Score:3

Why: $G'(s) = G(s_1, \ldots, s_{\lfloor{n/2}\rfloor})$, where $s = s_1, \ldots, s_n$ is PRG?

gp flag

I'm a novice reader of Introduction to Modern Cryptography, where it states:

Let $G$ be a pseudorandom generator with expansion factor $\ell(n) > 2n$.
In each of the following cases, say whether $G′$ is necessarily a pseudorandom generator. If yes, give a proof; if not, show a counterexample.
(a) Define $G'(s) = G(s_1, \ldots, s_{\lfloor n/2\rfloor})$, where $s = s_1, \ldots, s_n$.

I thought that it's not a PRG, by the counterexample that, if $G$ is a PRG such that $G:\{0,1\}^{\lfloor n/2\rfloor} \to \{0,1\}^n$ and if we have $s$ and $s'$ of length $n$ such that $s(1, \ldots,{\lfloor n/2\rfloor}) = s'({1,\ldots,\lfloor n/2\rfloor})$ then $G(s) = G(s')$

What am I missing?

Maarten Bodewes avatar
in flag
Hi Eshkod. Please check that we got the formula translation to $\LaTeX$ right, you can of course adjust by hitting [edit].
Daniel S avatar
ru flag
HINT: The definition of a PRG does not require that $G$ is collision-free. BTW to which question are you referring? I cannot see this question in my copy of Katz and Lindell.
fgrieu avatar
ng flag
@Daniel S: this is exercise 3.6 (a) in the second edition of Jonathan Katz and Yehuda Lindell's Introduction to Modern Cryptography, correctly transcribed. In the third edition, exercise 3.6 is significantly different.
fgrieu avatar
ng flag
In the question, $G$ has input length $n$ and output length $\ell(n)$, and $G'$ mechanically obtained form $G$ has input length $\lfloor n/2\rfloor$ and output length $\ell(n)$. A counterexample must be some $G$ that's a PRG such that $G'$ is not a PRG. Among issues with the PRG proposed as counterexample (beside what's noted in [comment by Daniel S](https://crypto.stackexchange.com/posts/comments/226189)): it's noted $G$ but when we look at it's input it's more like $G'$; and it's output has the wrong length.

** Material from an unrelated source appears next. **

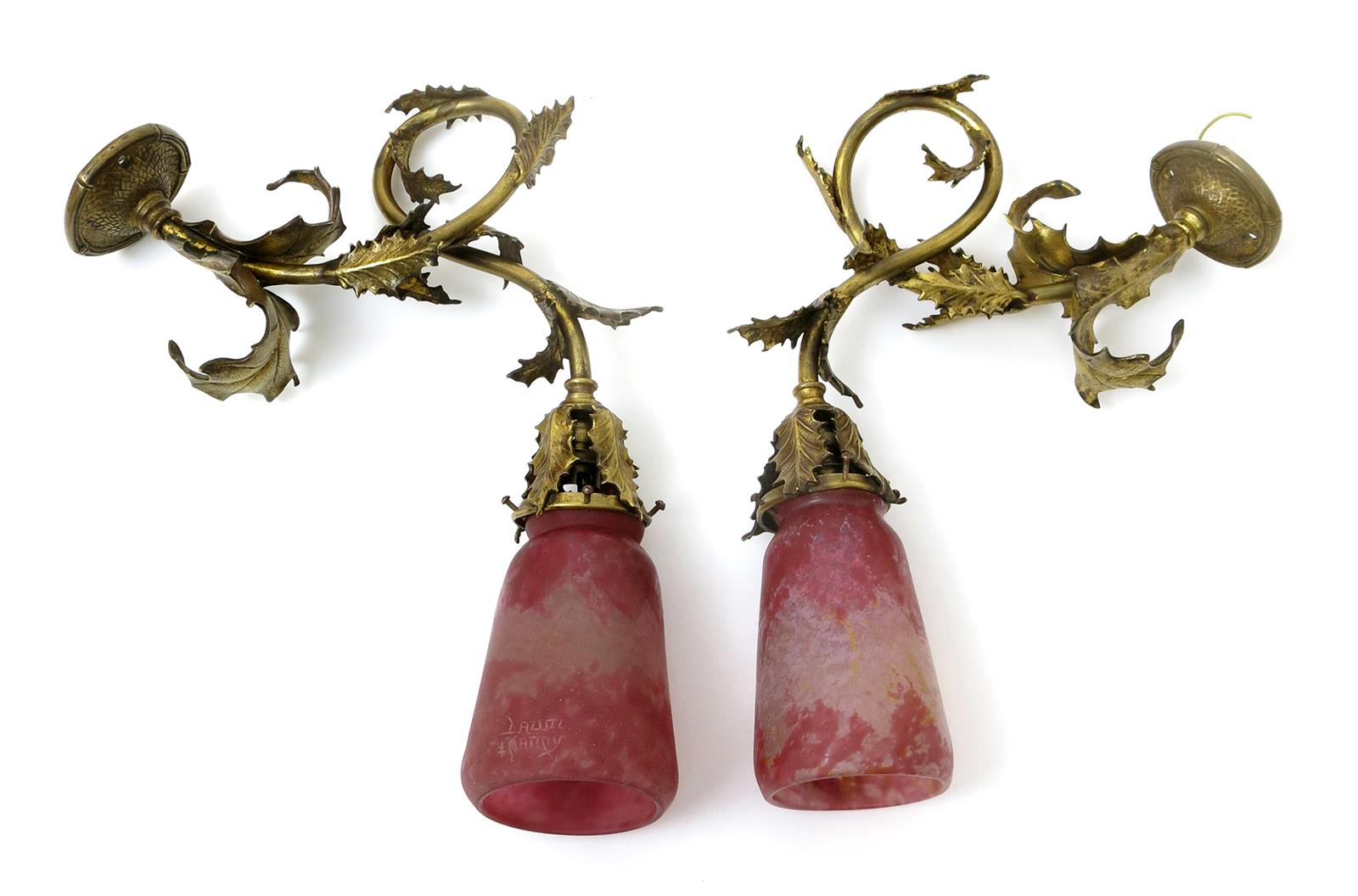 A pair of gilt metal wall lights with Daum glass shades, the scrolling shade cast with holly leaves, supporting pink glass shades, shades signed Daum Nancy, 31cm. deep (2)

Hint: assume there exists a PRG with output 5 times as wide as it's input.
Eshkod avatar
gp flag
@DanielS, so if I understand your hint, a test of a distinguisher that runs and outputs 1 for D(G(s)) if it encounters a collision is not a valid test for PRG, right?
fgrieu avatar
ng flag
The distinguisher $D$ of definition 3.14 in the K&L reference has input _one_ bitstring of size $\ell(n)$, and must output $0$ or $1$ based on that only. It thus can not directly detect collisions among the outputs of $G(s)$.